Begin with the line containing "Parts for Whirlpool", end with the last line of the records, and retype everything in between exactly, without the pictures.

________________

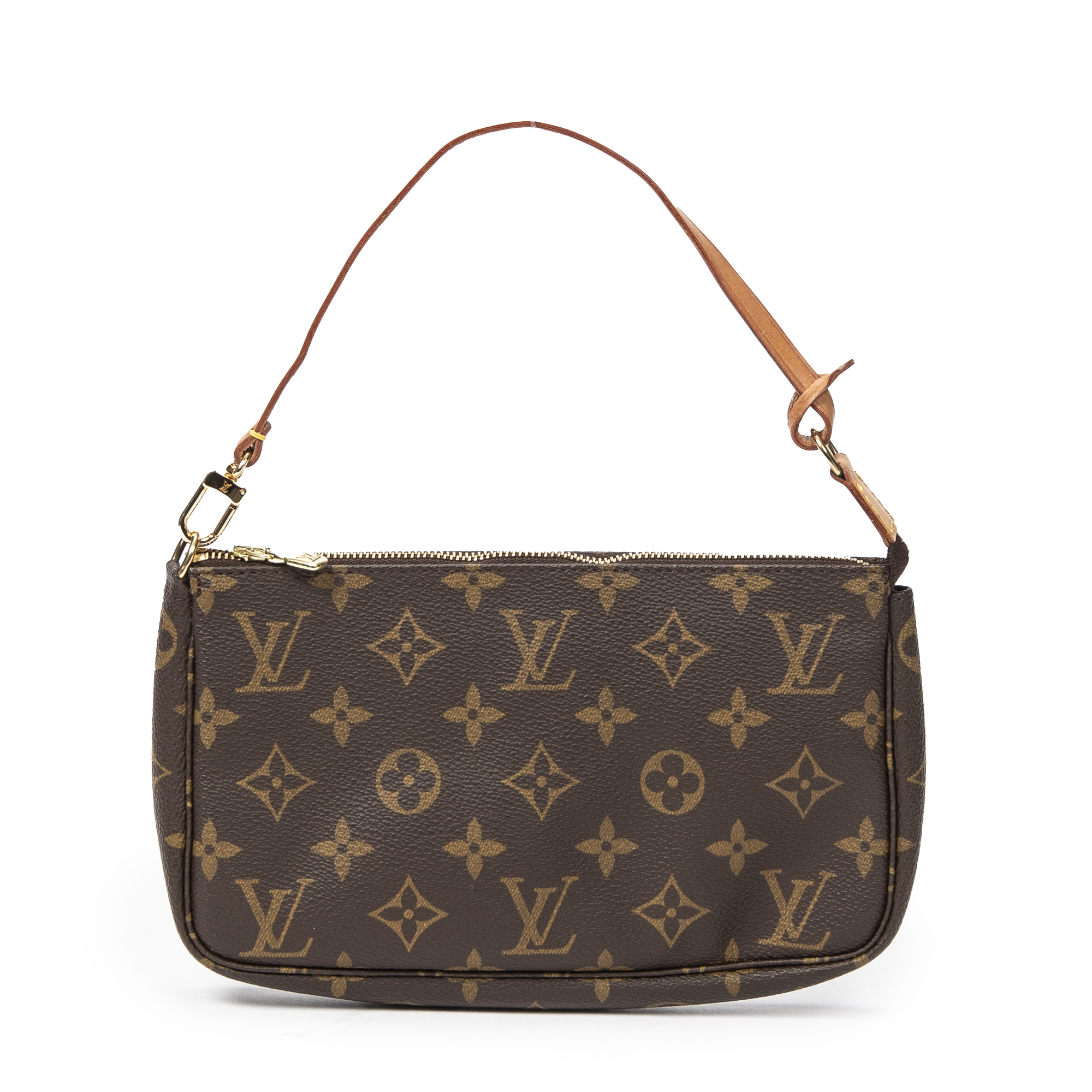 Louis Vuitton Pochette Pochette Accessoires en Marron et Laiton doré. Le produit est en Excellent état (A).
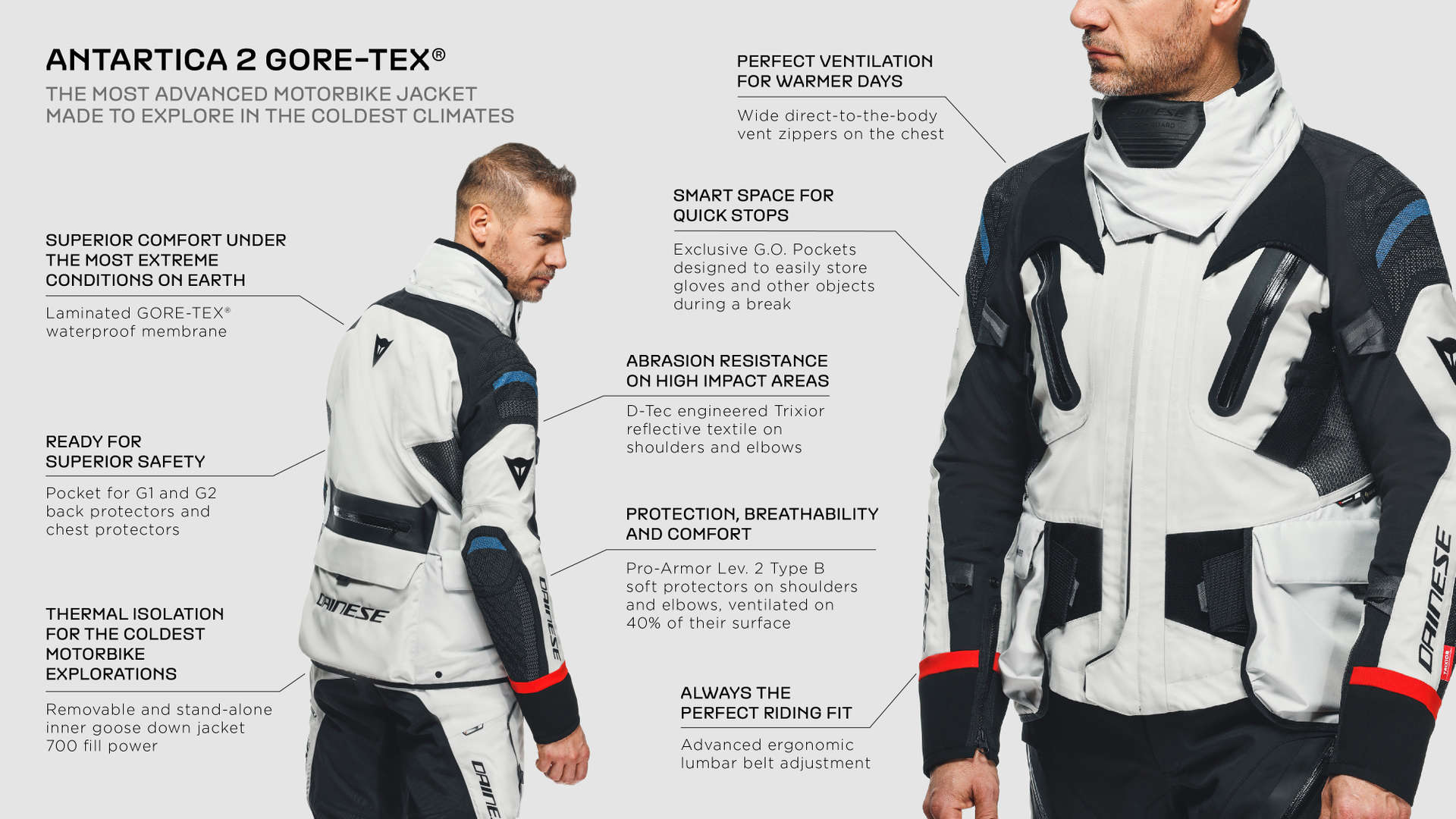 The Antarctica GORE-TEX® 2 jacket is the most advanced motorcycle touring garment, ideal when exploring the coldest lands on the planet. Designed to ensure superlative thermal insulation and greater protection in the most extreme conditions.
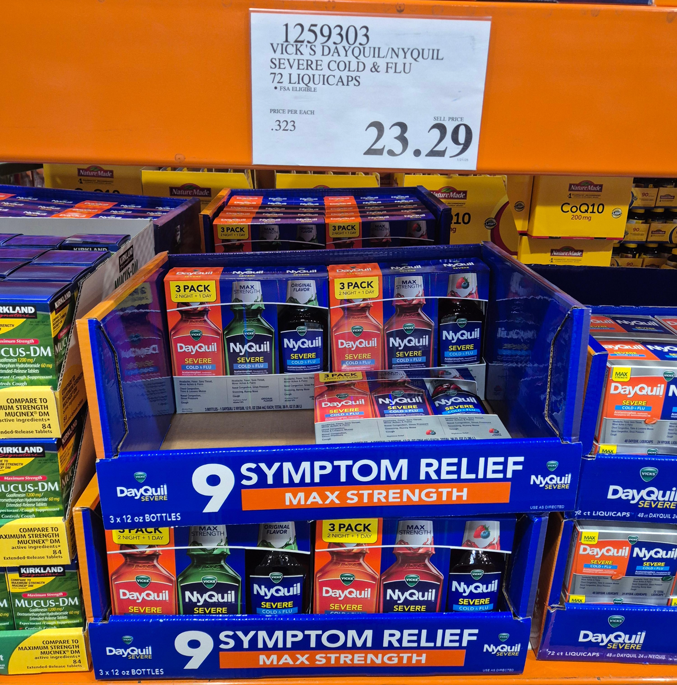 감기약인데 울 할머니는 기침날때마다 이거 찾으신다. 예전에 사드렸는데 효과가 좋아서 아껴드신다고;; 미국 올때마다 꼭 사드림. 그대신 이건 유통기한이 항상 짧다. 물약은 원래 그런가봄. 이거 CVS 에서 사면 한 통에 거의 만원 넘어가는데 코코에서 3통에 이 정도면 진짜 싼거다. Dayquil 은 낮에, Nyquil 은 잠오니까 저녁에 먹는 약인데, 감기기운 있으면 Nyquil 먹고 자면 좋음
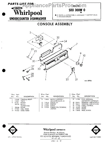 Parts for Whirlpool SXU300W0: 01 - Console Parts
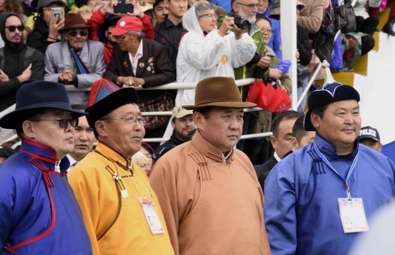 Үндэсний их баяр наадмын нээлтийн үйл ажиллагааны дараа уламжлал ёсоор Монгол Улсын Ерөнхийлөгч Х.Баттулга, Монгол Улсын Их Хурлын дарга М.Энхболд, Монгол Улсын Ерөнхий сайд У.Хүрэлсүх нар Үндэсний их баяр наадмын сурын харваа, шагайн харвааны асраар зочилж, тамирчдад амжилт хүслээ. Мөн Улсын Их Хурлын дарга М.Энхболд шагайн асарт зочлох үеэрээ есөн тохой зайнаас шагай харваж, наадамчин олондоо хүндэтгэл үзүүллээ.
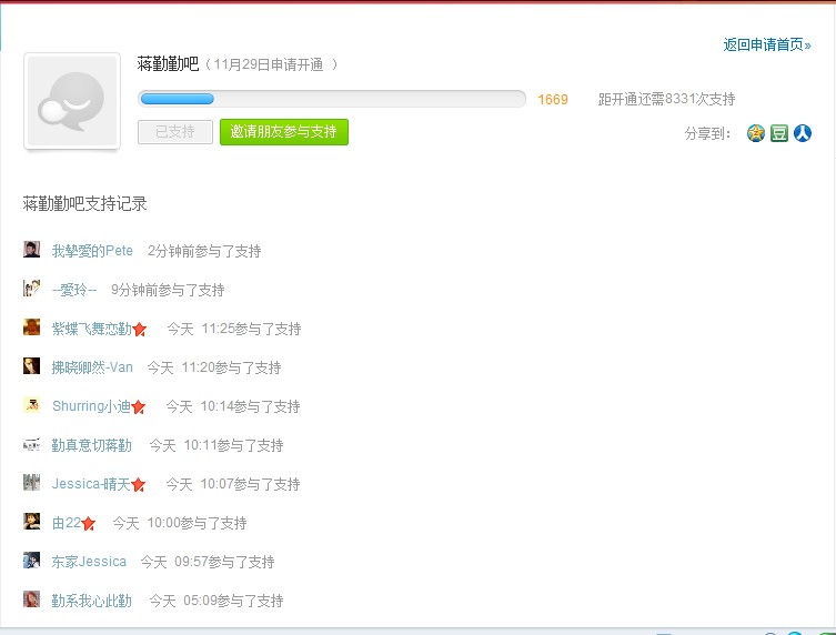 里面就勤吧的最慢了,如果大家愿意合作的话,我可以号召一下东家们一起支持勤吧,当然大家也要支持东吧开通才行哦。在我们支持勤吧的同时顺便点一下支持其他的吧,其实也花不了多长时间,就点一下鼠标的时间而已。看到大家每天都在支持,相信也希望早点开通的,大家来发表下意见吧。
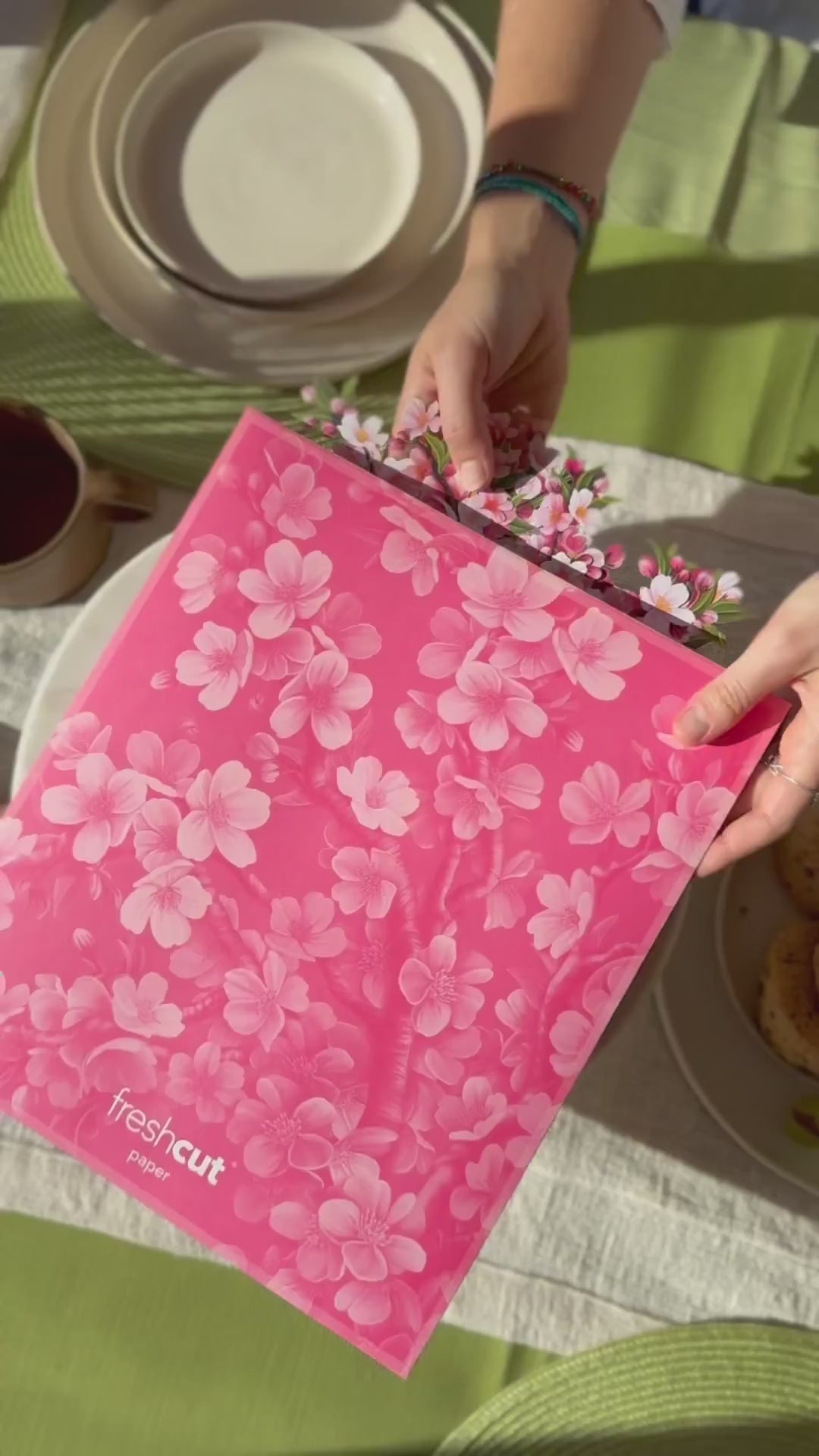 A fresh take on a bestseller: Meet our Japanese Cherry Blossom pop-up card! A celebration of Japan’s iconic sakura, these soft pink petals represent renewal and the wondrous beauty of nature and springtime. Unlike in the wild, this elegant display will remain in bloom year round and rests in an ornate jade inspired paper vase. Perfect for birthdays, just because, and so much more!

________________

Solution:
 Parts for Whirlpool SXU300W0: 01 - Console Parts
 Үндэсний их баяр наадмын нээлтийн үйл ажиллагааны дараа уламжлал ёсоор Монгол Улсын Ерөнхийлөгч Х.Баттулга, Монгол Улсын Их Хурлын дарга М.Энхболд, Монгол Улсын Ерөнхий сайд У.Хүрэлсүх нар Үндэсний их баяр наадмын сурын харваа, шагайн харвааны асраар зочилж, тамирчдад амжилт хүслээ. Мөн Улсын Их Хурлын дарга М.Энхболд шагайн асарт зочлох үеэрээ есөн тохой зайнаас шагай харваж, наадамчин олондоо хүндэтгэл үзүүллээ.
 里面就勤吧的最慢了,如果大家愿意合作的话,我可以号召一下东家们一起支持勤吧,当然大家也要支持东吧开通才行哦。在我们支持勤吧的同时顺便点一下支持其他的吧,其实也花不了多长时间,就点一下鼠标的时间而已。看到大家每天都在支持,相信也希望早点开通的,大家来发表下意见吧。
 A fresh take on a bestseller: Meet our Japanese Cherry Blossom pop-up card! A celebration of Japan’s iconic sakura, these soft pink petals represent renewal and the wondrous beauty of nature and springtime. Unlike in the wild, this elegant display will remain in bloom year round and rests in an ornate jade inspired paper vase. Perfect for birthdays, just because, and so much more!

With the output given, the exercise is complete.